By Jim Steele. Published in Pacifica. Tribune August 20, 2019
There are too many fear mongering politicians pushing an “existential climate crisis”. I find the climate history told by the trees far more trustworthy, and the trees are whispering there is no crisis.
This summer I taught a class on the Natural History of the Sierra Nevada for San Francisco State University’s Sierra Nevada Field Campus. The first day we taught students how to identify the trees. Once students know their trees, they can easily see how tree species vary with elevation, temperature, moisture, and snow pack. They can see which species colonize open sunny areas and which trees need shade before they can invade. Old time naturalists used trees to identify “life-zones” where different species of mammals, birds, insects and other plants can be found. Furthermore, when you listen to the trees, you can see change.

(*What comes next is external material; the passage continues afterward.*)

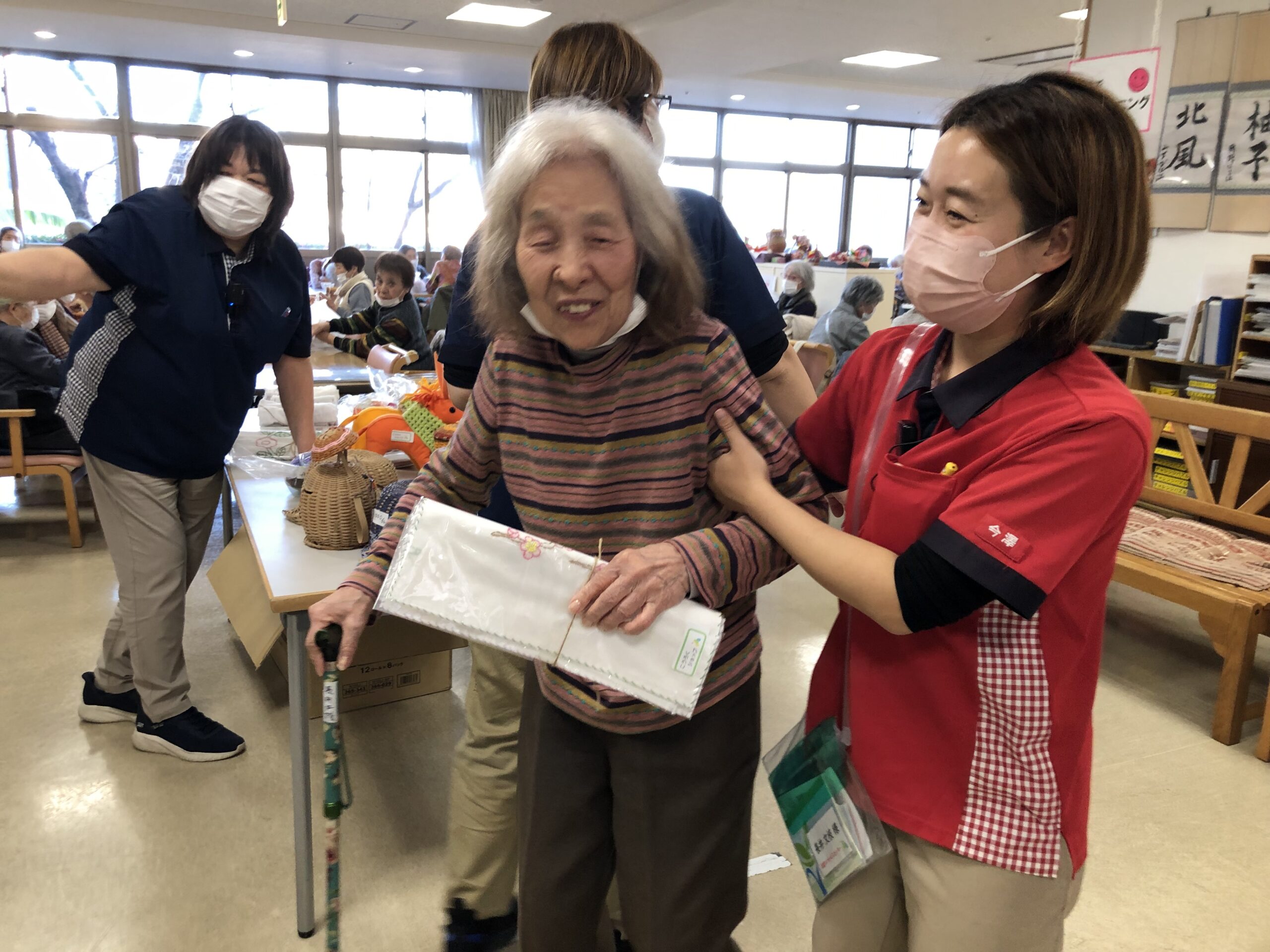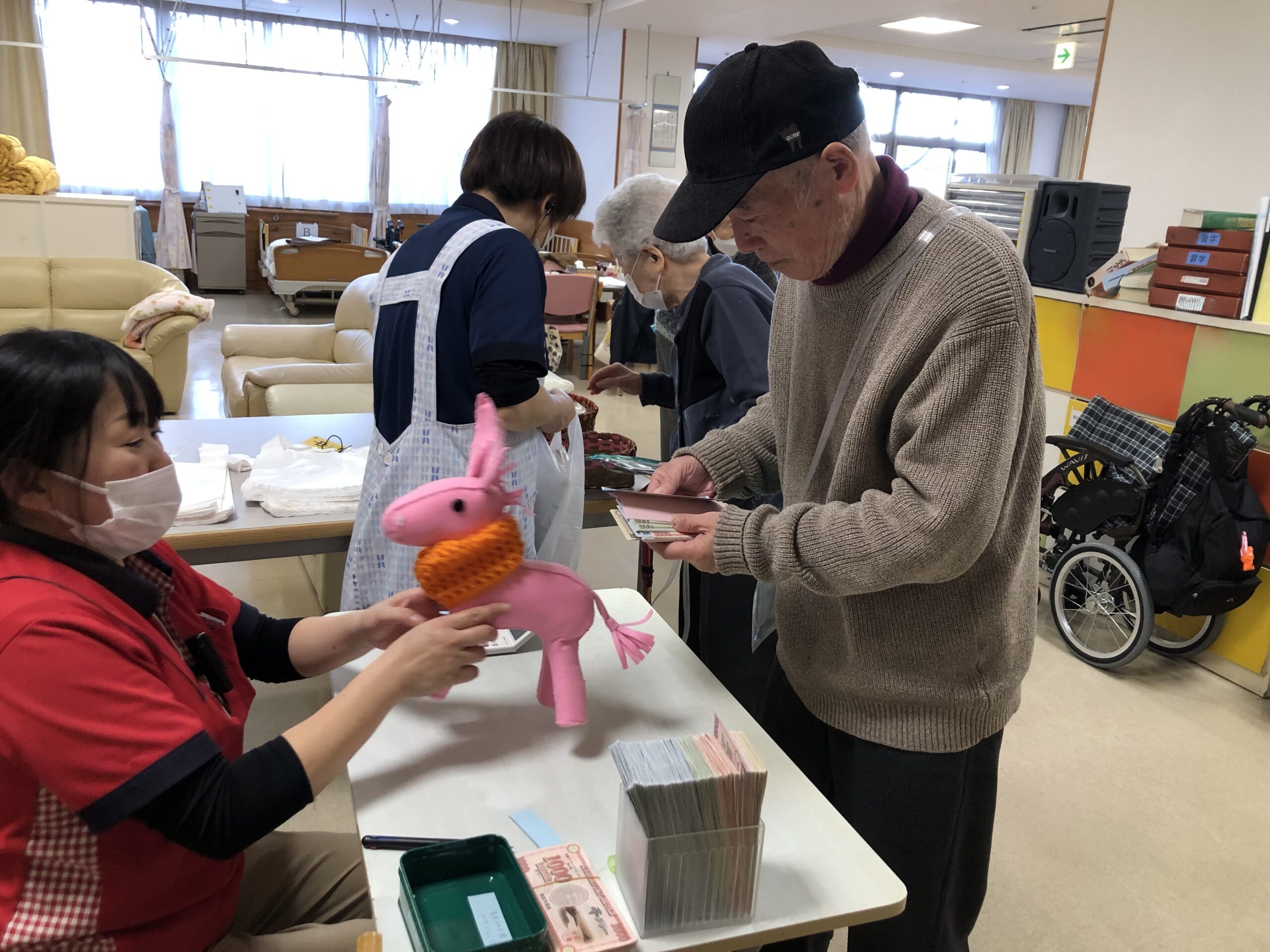 自席から会場まで来て、自分で商品を見て・選び、会計をして席に戻るという一連の動作が、買い物をするという楽しみや良い機能訓練にもなったのではないでしょうか。

The class explored forests along the North Yuba River. Free from politics, trees tell us about changes in fire frequency, logging, climate change and ecosystem resilience. Photographs taken during the late 1800s during California’s gold rush days, revealed the total devastation of local forests. Gold miners needed wood for heating and cooking, for their metal forges, and for timbers to reinforce their mines. They needed wood to build flume boxes that altered river courses to expose riverbeds. Flume boxes also carried water from high to low elevations where giant water cannons completely washed away hillsides in their search for gold.